Your goal: Below are records to be reproduced exactly and in full.

Dataset extract:
* * * * * * *

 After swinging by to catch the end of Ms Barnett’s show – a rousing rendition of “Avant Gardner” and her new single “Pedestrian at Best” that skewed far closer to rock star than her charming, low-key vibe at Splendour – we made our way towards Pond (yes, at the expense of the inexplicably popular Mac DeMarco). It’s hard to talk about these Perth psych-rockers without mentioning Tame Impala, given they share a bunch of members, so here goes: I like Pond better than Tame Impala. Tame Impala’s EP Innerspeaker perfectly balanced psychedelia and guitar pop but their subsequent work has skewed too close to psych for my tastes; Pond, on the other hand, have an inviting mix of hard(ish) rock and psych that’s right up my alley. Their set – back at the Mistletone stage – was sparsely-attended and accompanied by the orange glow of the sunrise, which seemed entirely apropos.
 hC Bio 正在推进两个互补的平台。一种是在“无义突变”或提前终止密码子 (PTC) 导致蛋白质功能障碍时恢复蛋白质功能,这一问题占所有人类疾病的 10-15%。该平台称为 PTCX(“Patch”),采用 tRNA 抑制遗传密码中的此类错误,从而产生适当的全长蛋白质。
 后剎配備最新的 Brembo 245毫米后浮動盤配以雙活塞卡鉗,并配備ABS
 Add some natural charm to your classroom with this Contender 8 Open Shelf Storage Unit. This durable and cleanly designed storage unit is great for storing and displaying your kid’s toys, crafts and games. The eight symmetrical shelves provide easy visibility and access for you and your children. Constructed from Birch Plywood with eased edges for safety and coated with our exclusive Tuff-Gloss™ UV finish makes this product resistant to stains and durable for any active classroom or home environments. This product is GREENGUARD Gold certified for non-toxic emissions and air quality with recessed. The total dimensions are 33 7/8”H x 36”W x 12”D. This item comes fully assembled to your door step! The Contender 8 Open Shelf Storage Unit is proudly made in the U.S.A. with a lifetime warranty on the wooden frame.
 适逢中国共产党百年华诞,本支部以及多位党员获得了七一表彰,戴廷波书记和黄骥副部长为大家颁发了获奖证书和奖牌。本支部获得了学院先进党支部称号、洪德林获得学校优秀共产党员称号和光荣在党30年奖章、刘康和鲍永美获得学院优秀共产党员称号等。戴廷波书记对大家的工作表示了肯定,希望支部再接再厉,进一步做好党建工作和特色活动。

* * * * * * *

Response:
 After swinging by to catch the end of Ms Barnett’s show – a rousing rendition of “Avant Gardner” and her new single “Pedestrian at Best” that skewed far closer to rock star than her charming, low-key vibe at Splendour – we made our way towards Pond (yes, at the expense of the inexplicably popular Mac DeMarco). It’s hard to talk about these Perth psych-rockers without mentioning Tame Impala, given they share a bunch of members, so here goes: I like Pond better than Tame Impala. Tame Impala’s EP Innerspeaker perfectly balanced psychedelia and guitar pop but their subsequent work has skewed too close to psych for my tastes; Pond, on the other hand, have an inviting mix of hard(ish) rock and psych that’s right up my alley. Their set – back at the Mistletone stage – was sparsely-attended and accompanied by the orange glow of the sunrise, which seemed entirely apropos.
 hC Bio 正在推进两个互补的平台。一种是在“无义突变”或提前终止密码子 (PTC) 导致蛋白质功能障碍时恢复蛋白质功能,这一问题占所有人类疾病的 10-15%。该平台称为 PTCX(“Patch”),采用 tRNA 抑制遗传密码中的此类错误,从而产生适当的全长蛋白质。
 后剎配備最新的 Brembo 245毫米后浮動盤配以雙活塞卡鉗,并配備ABS
 Add some natural charm to your classroom with this Contender 8 Open Shelf Storage Unit. This durable and cleanly designed storage unit is great for storing and displaying your kid’s toys, crafts and games. The eight symmetrical shelves provide easy visibility and access for you and your children. Constructed from Birch Plywood with eased edges for safety and coated with our exclusive Tuff-Gloss™ UV finish makes this product resistant to stains and durable for any active classroom or home environments. This product is GREENGUARD Gold certified for non-toxic emissions and air quality with recessed. The total dimensions are 33 7/8”H x 36”W x 12”D. This item comes fully assembled to your door step! The Contender 8 Open Shelf Storage Unit is proudly made in the U.S.A. with a lifetime warranty on the wooden frame.
 适逢中国共产党百年华诞,本支部以及多位党员获得了七一表彰,戴廷波书记和黄骥副部长为大家颁发了获奖证书和奖牌。本支部获得了学院先进党支部称号、洪德林获得学校优秀共产党员称号和光荣在党30年奖章、刘康和鲍永美获得学院优秀共产党员称号等。戴廷波书记对大家的工作表示了肯定,希望支部再接再厉,进一步做好党建工作和特色活动。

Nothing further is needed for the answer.